Abstract

Introduction and objective: Genus Achromobacter is ubiquitous, opportunistic pathogen. Treating Achromobacter infections are a challenge as the bacterium is intrinsically resistant to several empirically used antibiotics. There is a dearth of data on this organism so; the present prospective study was undertaken to understand various aspects of this uncommon organism.

Methods: This single centre prospective study of adult admitted patients diagnosed as cases of Achromobacter denitrificans septicaemia in a 714 bedded tertiary care super speciality hospital in North India between January 2022 and June 2022.

Results: We identified 10 patients with A. denitrificans bacteraemia with overall prevalence of < 0.1 cases per 1,000 hospital admissions. Diabetes mellitus in 40% and bronchial asthma 30% of cases were common comorbidities. Prior systemic antibiotic therapy (30 days) (70%) and recent ICU admission (30 days) in 70% cases were predisposing factors. All the episodes (10) were health care associated. Cefaperazone salbactum and Tigecycline were the agents with the best in vitro activity. While resistance pattern for cotrimoxazole, amikacin and gentamicin was common. 30% isolates were Multi drug resistant phenotypes. For the source investigation of all cases intensive, “Surveillance of unusual pathogens” was carried out by infection control team as per our institutional policy.

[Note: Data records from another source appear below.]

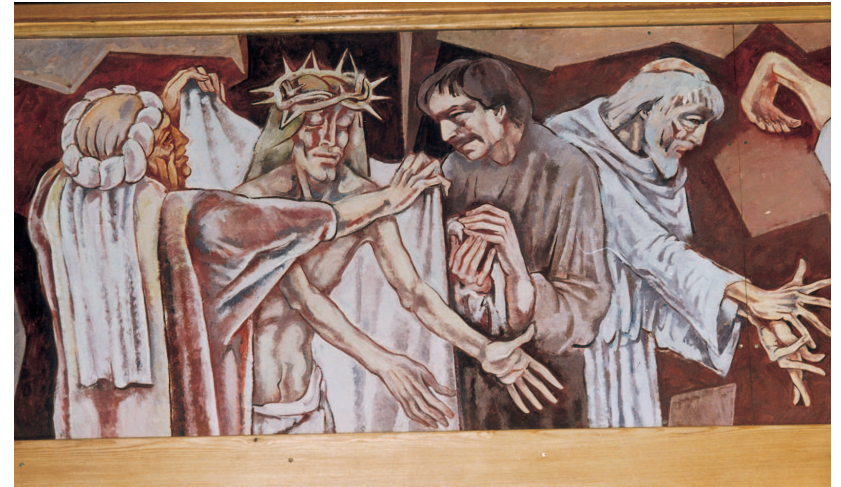
Középen a sötétruhás férfi maga a festő

Atya a Szűzanya rajongója, „bolondja” volt. Ezért fogadhatott el munkatártnak. A gyerekek nagyon szerették, mert bolondozott, mókázott velük, átfütyült nekik a túloldalra, hogy megnyerje őket a Szűzanyának. Más vallásúak belógtak az órára titkon. Volt 120 hittanosa, és 60-70 első-áldozója is. Mikor velük beszélt, ragyogott az arca. Bárki bármikor jöhetett hozzá, mindenkit meghallgatott, ha kellett, pénzzel is segített. Béke papságba nem lépett be, bár
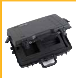
Maletín de transporte de sonda y lectura
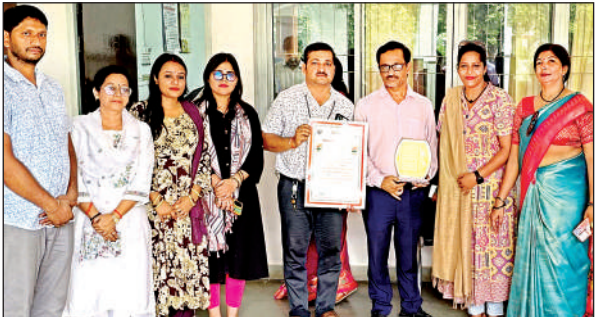
पहले स्थान पर आई जलालाबाद रंगोली के पास पुरस्कार लेकर खड़े अध्यापक।
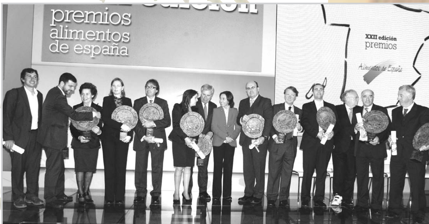
Premiados en la XXII edición de los Premios Alimentos de España.

En este caso, además de atender personalmente el stand entre ella y su marido fue éste el que llevó el peso de la representación en los cuatro días de jueves a domingo- que duró el certamen. Sobre todo en los contactos con empresarios, clientes y distribuidores del sector, así como en varios de los actos, charlas y conferencias y en las diversas publicaciones de la Feria y los medios de comunicación generalistas que cubrieron la misma.

Conclusion: In conclusion, bacteraemia due to A. dentrificans can be a serious complication among hospitalized patients, mainly those with immunosuppression. The importance of source control and infection control practices still continue to be the biggest armour against the infection.

Citation: Vibha M, Manisha J, Bibhabati M, Poonam sl, Abha S, et al. Achromobacter Denitrificans Blood Stream Infection in Adult Patients- Clinical and Microbiological Features from a Tertiary Care Centre in North India. J Clin Images Med Case Rep. 2023; 4(8): 2531.

Introduction

Genus Achromobacter of the order Burkholderiales are an obligate aerobe, gram negative, non-lactose fermentative bacilli. They are often misdetected as other common lactose non fermenting Gram-negative bacilli like Pseudomonas aeruginosa, Stenotrophomonas maltophilia, Burkholderia cepacia complex, Acinetobacter spp etc by conventional methods of detection and hence misdiagnosed and under reported [1,2].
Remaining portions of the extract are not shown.